Santiago Swallow may be one of the most famous people no one has heard of.
His eyes fume from his Twitter profile: he is Hollywood-handsome with high cheekbones and dirty blond, collar-length hair. Next to his name is one of social media’s most prized possessions, Twitter’s blue “verified account” checkmark. Beneath it are numbers to make many in the online world jealous: Santiago Swallow has tens of thousands of followers. The tweets Swallow sends them are cryptic nuggets of wisdom that unroll like scrolls from digital fortune cookies: “Before you lose weight, find hope,” says one. Another: “To write is to live endlessly.”
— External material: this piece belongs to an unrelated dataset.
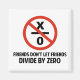 Les amis ne laissent pas leurs amis se diviser par zéro. Perdre le tissu de l'espace-temps et imploser l'univers n'est qu'une mauvaise affaire pour tout le monde. Plutôt irresponsable. Grand cadeau ou tshirt pour les consciences scientifiques et mathématiques.

Swallow is a pure product of the Internet: a “speaker and thinker,” who specializes in “re-imagining self in the online age,” an apparent star of the prestigious TED (Technology, Entertainment and Design) conference, and a hit at Austin’s annual art, technology and music event, South By South West (SXSW). His Wikipedia biography explains why: Swallow is “a Mexican-born, American motivational speaker, consultant, educator, and author, whose speeches and publications focus on understanding modern culture in the age of social networking, globally interconnected media, user generated content and the Internet,” who has “dedicated himself to helping others know more about how media and personality can be manipulated in the 21st Century.” Famous for its “neutral point of view,” Wikipedia also reports that Swallow’s opinions are controversial in some quarters, especially his prediction that “the disassociation of self would lead to a revision of the standard definition of Multiple Personality Disorder to include selves that only manifest in the online world.” He can be expected to take up this argument in his book, Self: Imaginary Identities in the Age of The Internet, due out later this year, something that his Wikipedia biography, his official web site (santiagoswallow.com) and his Twitter feed all confirm.
There’s just one thing about Santiago Swallow that you won’t easily find online: I made him up. Everything above is true. He really does have a Twitter feed with tens of thousands of followers, he really does have a Wikipedia biography, and he really does have an official web site. But he has never been to TED or South By South West and is not writing a book. I—or rather he—flat out lied about that.